▸ About this task
Only the lines from the beginning of the entries through the one with "luz xyztour.jp #XYZTOUR" should be written out, please, exactly and without any pictures.

── Entries supplied

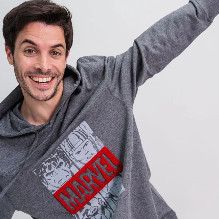 Es una sudadera con capucha y bolsillo canguro, de esas que le quedan bien a todo el mundo. Pero lo mejor es su genial diseño en una perfecta combinación de colores gris, blanco y rojo, con el conocido logo de Marvel en el pecho.
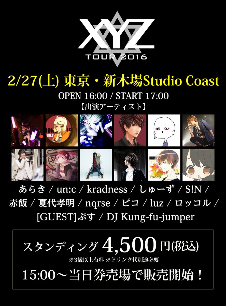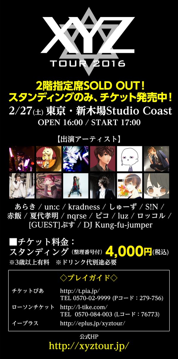 【XYZ TOUR 2016 当日券情報!】1/16(土)鹿児島キャパルボホール 16時~当日券販売!あらき un:c kradness S!N nqrse luz xyztour.jp #XYZTOUR
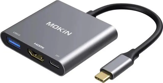 3-in-1 Multiport USB C AdapterExpand your USB Type-C Port to a USB 3.0 port a HDMI 4K output port and a USB-C charging port. Three ports can work at the same time. You can connect a USB C Thunderbolt 3-equipped PC or laptop to a HDMI display while connecting a standard USB device and charging your usb c devices at the same time 4K Video USB-C To HDMI Adapter Mirror or extend your screen with USB C Hub HDMI port and directly stream 4K UHD @ 30Hz or Full HD 1080p video to HDTV monitor or projector Super Speed USB 3.0 Ports(At Full-Speed)Allow you to connect keyboard mouse hard drive etc to MacBook Pro Up to 5Gbps data transmission speed down compatible with USB A 2.0 and below.
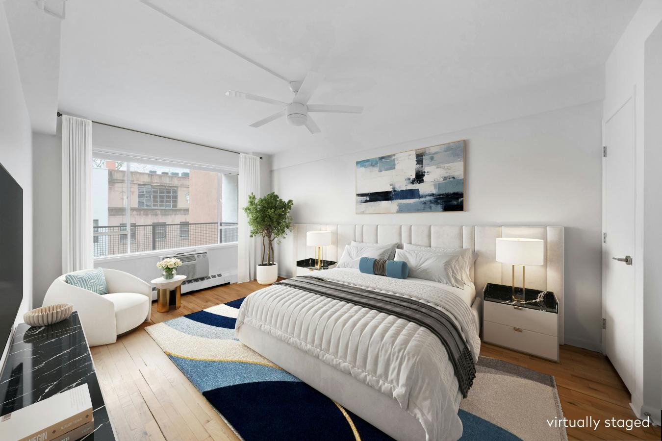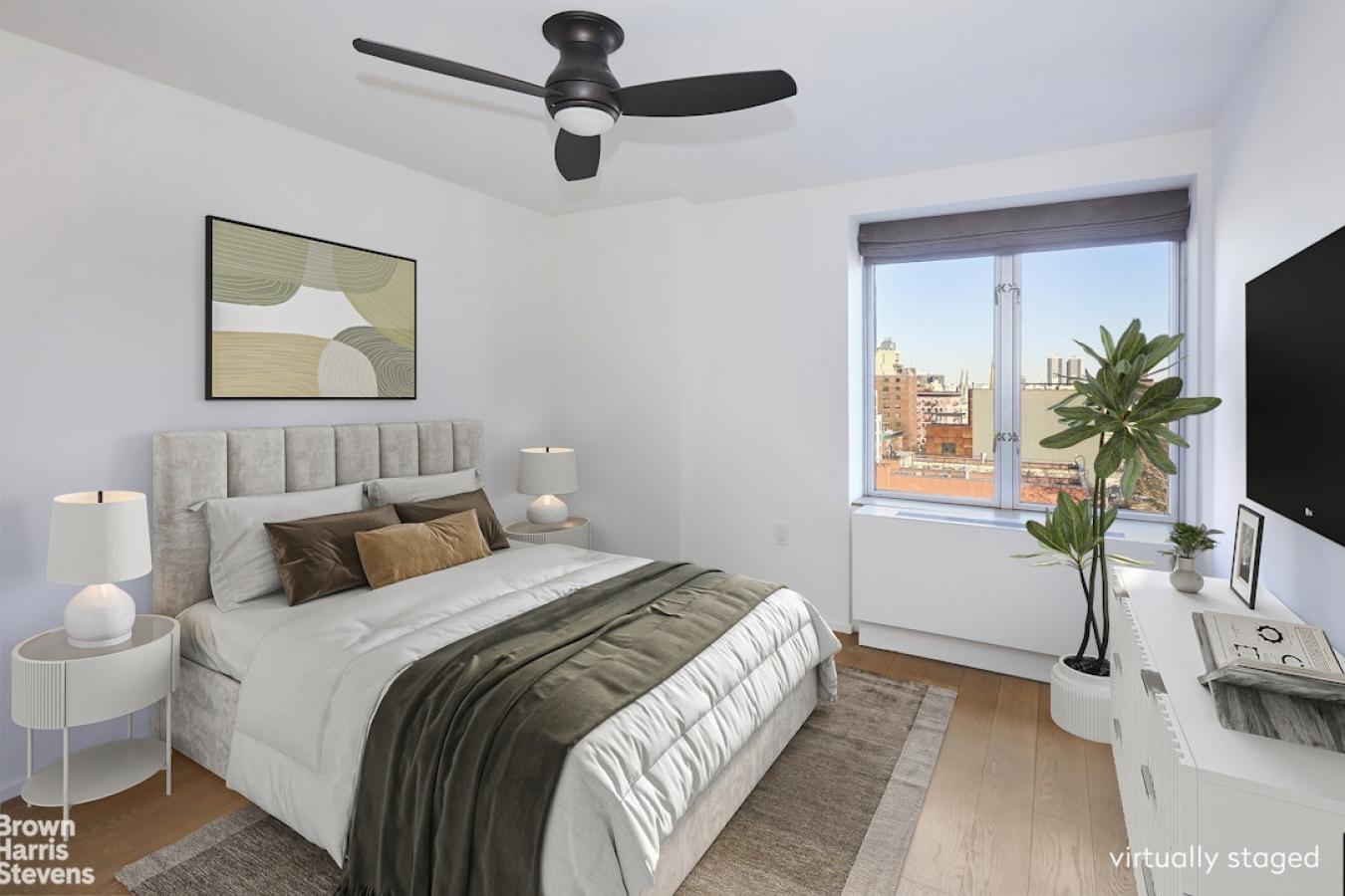 Welcome to apartment 9F at the premier condominium, 10 West End Avenue. This spacious and modern residence is filled with western-facing light and beautiful city views from its floor-to-ceiling windows. The open floor plan blends seamlessly from living to dining and will wow you at every turn. The chefs kitchen is equipped for serious cooking, featuring a 36" Sub-Zero refrigerator, a Viking range with a convection oven, a Bosch dishwasher, and a U-Line wine chiller. Premium finishes include black granite countertops, a Veneto glass backsplash, and custom wood cabinets with glass-front doors. The bedroom is generously scaled, with western exposure, open city views, and a large walk-in closet. The marble-appointed bathroom offers a 21" deep soaking tub and an upgraded mist-ring shower system. Throughout the home youll find Italian-imported Pianeta Legno Aformosia hardwood floors. Additional conveniences include an in-unit Bosch washer and dryer, excellent closet space, and central air. 10 West End is a true white-glove condominium. The building has just completed a top-of-the-line renovation to the fitness center as well as the 50-foot glass-enclosed pool. Residents enjoy a 24-hour doorman, concierge, and live-in superintendent. There is a childrens playroom created by the Childrens Museum of Manhattan, three different types of storage (regular, bike & cold), on-site dry-cleaning drop-off, as well as a valet-service garage. Note: some photos were virtually staged
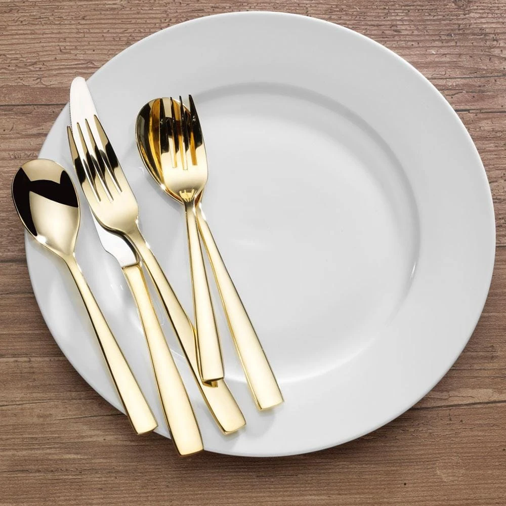 Mikasa Delano Gold Plated Flatware features a transitional design that works well for both casual and formal dining. With the stunning handle design, this flatware set is versatile enough to complement any dinnerware collection. Crafted of superior quality 18/0 stainless steel, this set will stand up to the rigors of everyday use. 20 piece set, service for four, includes (4) each: dinner fork, salad fork, dinner knife, dinner spoon and teaspoon. Hand wash.
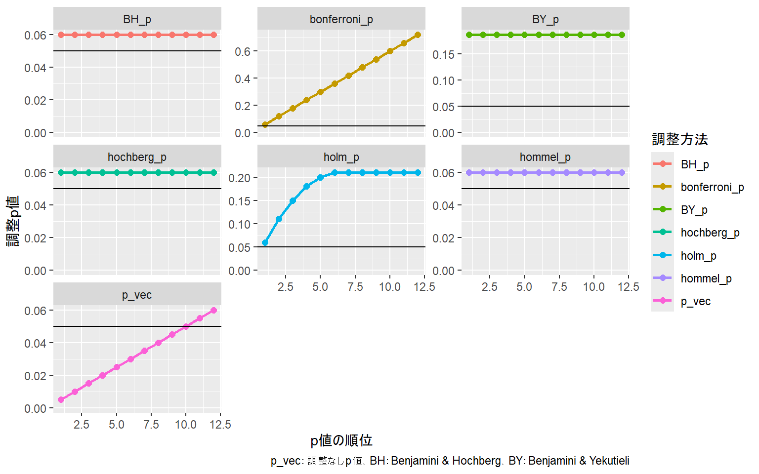 p値調整の手法ごとのp値の値を比較したグラフを以下に示します。
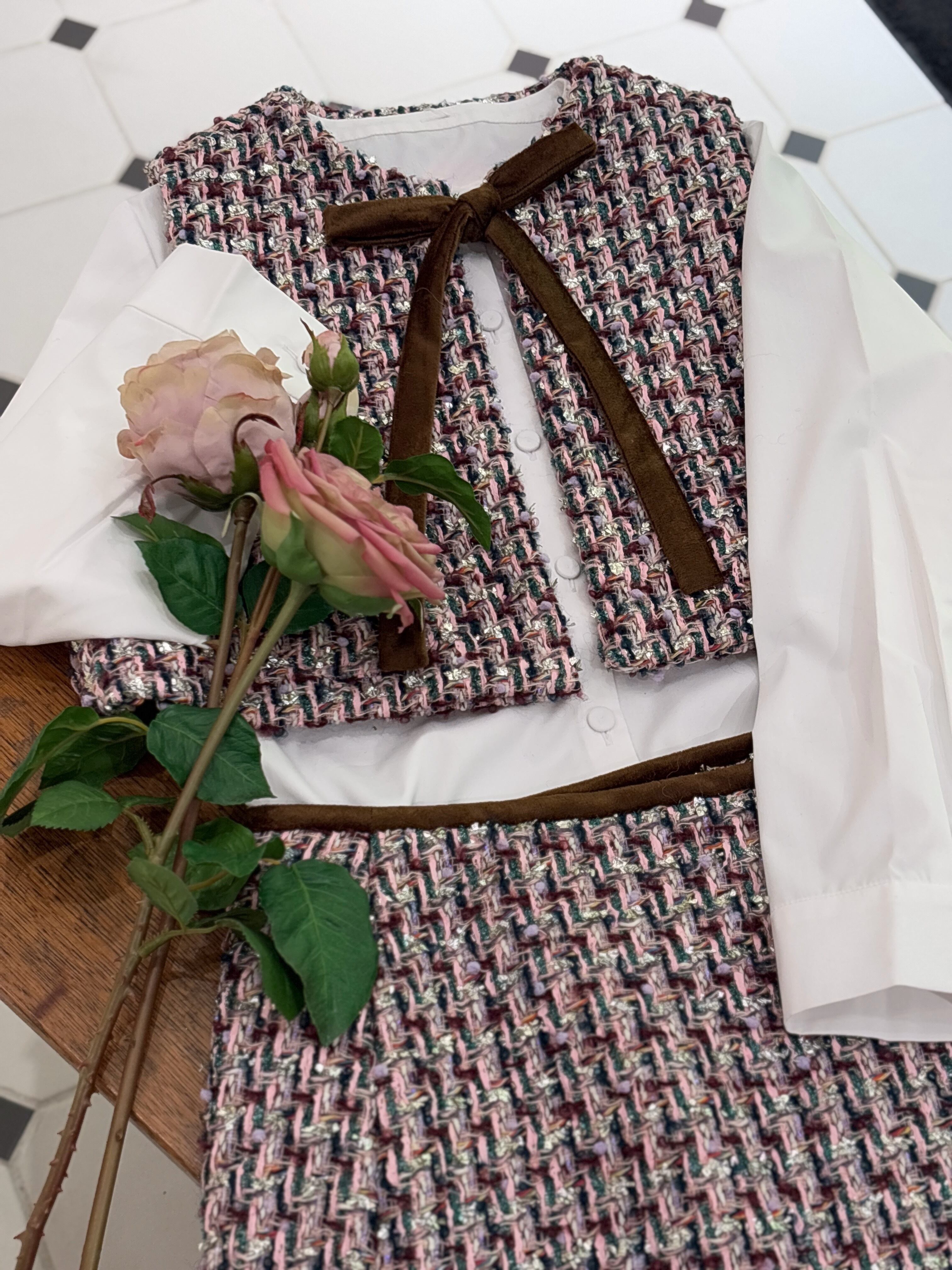 【2025年秋冬コレクション】ラップ・スカート ピンクツイード×茶ヴェルヴェット
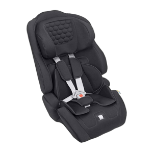 Cinto de segurança de 3 pontos com protetores de ombros acolchoados, ganchos laterais que facilitam na hora de acomodar ou retirar a criança e capa lavável na máquina.
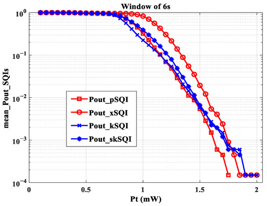 Then, in order to discuss the robustness of SQIs, we introduced the probability that the SQI does not respect the criteria, namely, the outage probability . Considering the identification SQI intervals determined in the previous step (before transmission), this probability was defined as follows:
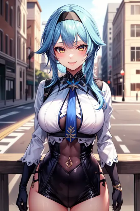 EulaGenshin_NDV, 1girl, blue hair, large breasts, medium hair, leotard, long sleeves, black hairband, blue necktie, blue gloves, purple-yellow eyes
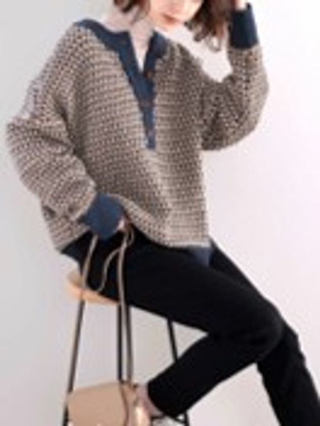 レトロ&クラシカルなカラー使いが印象的な前後2wayで着回せるジャガード柄のニット。レトロムードを高めてくれる大きめボタンを前に持ってくるだけで全体の印象も変わり、コーデの幅も広がります。ゆったりめのサイズ感や袖や裾の切り替えが絶妙で、手持ちのデニムはもちろん、キレイめパンツと合わせて大人マニッシュなスタイルもおススメです。1枚で真冬コーデの主役級アイテムになること間違いなしのお洒落ニットです。
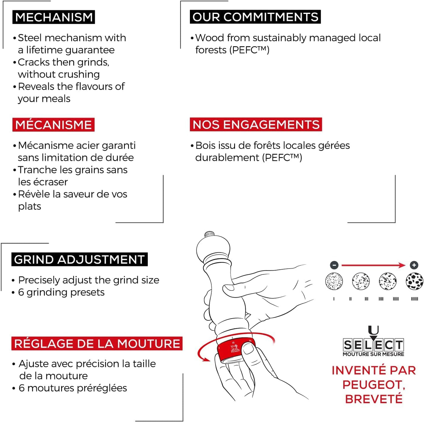 • Q: What materials are used in the Peugeot Paris u’Select Manual Salt Mill? A: The Peugeot Paris u’Select Manual Salt Mill is crafted from PEFC-certified beechwood, sourced from sustainably managed forests. It features a water-based anthracite grey finish with a metallic effect.
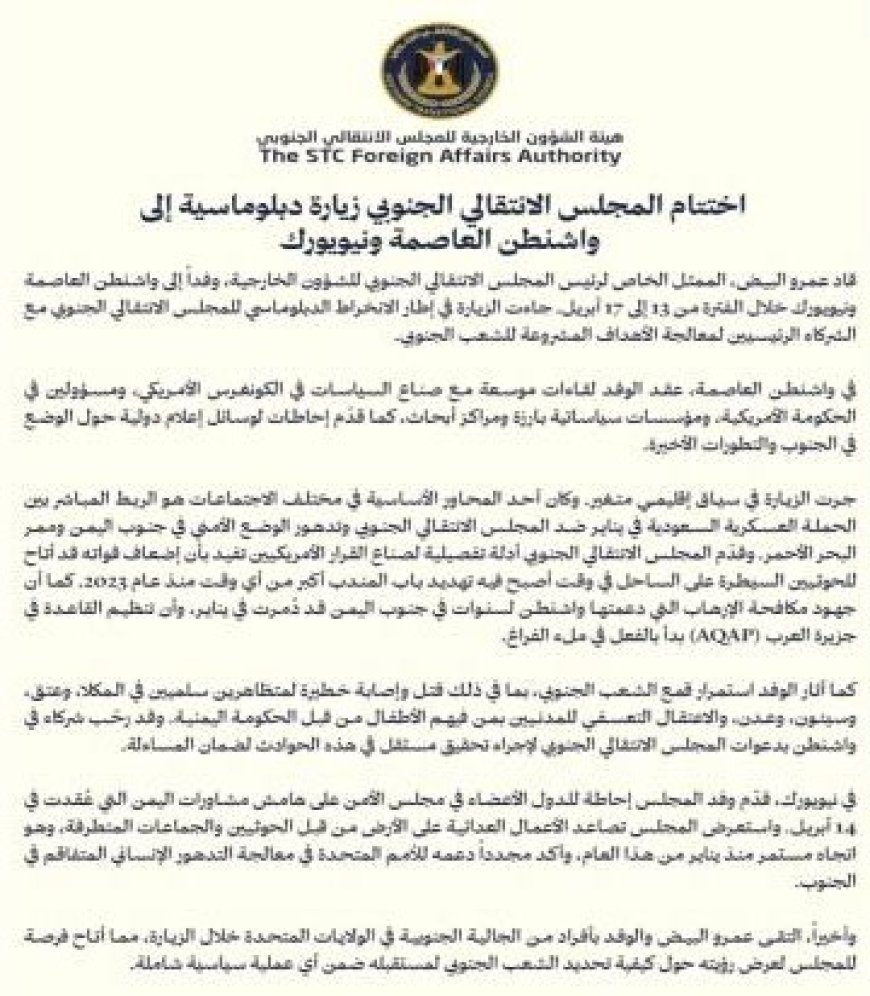 أصدرت هيئة الشؤون الخارجية للمجلس الانتقالي الجنوبي، بياناً سياسياً هاماً كشفت فيه عن نتائج الجولة الدبلوماسية المكثفة التي قام بها وفد المجلس برئاسة الممثل الخاص للشؤون الخارجية عمرو البيض، إلى العاصمتين السياسيتين واشنطن ونيويورك خلال الفترة من 13 إلى 17 أبريل الجاري.

────

▸ Result for this task
 Es una sudadera con capucha y bolsillo canguro, de esas que le quedan bien a todo el mundo. Pero lo mejor es su genial diseño en una perfecta combinación de colores gris, blanco y rojo, con el conocido logo de Marvel en el pecho.
 【XYZ TOUR 2016 当日券情報!】1/16(土)鹿児島キャパルボホール 16時~当日券販売!あらき un:c kradness S!N nqrse luz xyztour.jp #XYZTOUR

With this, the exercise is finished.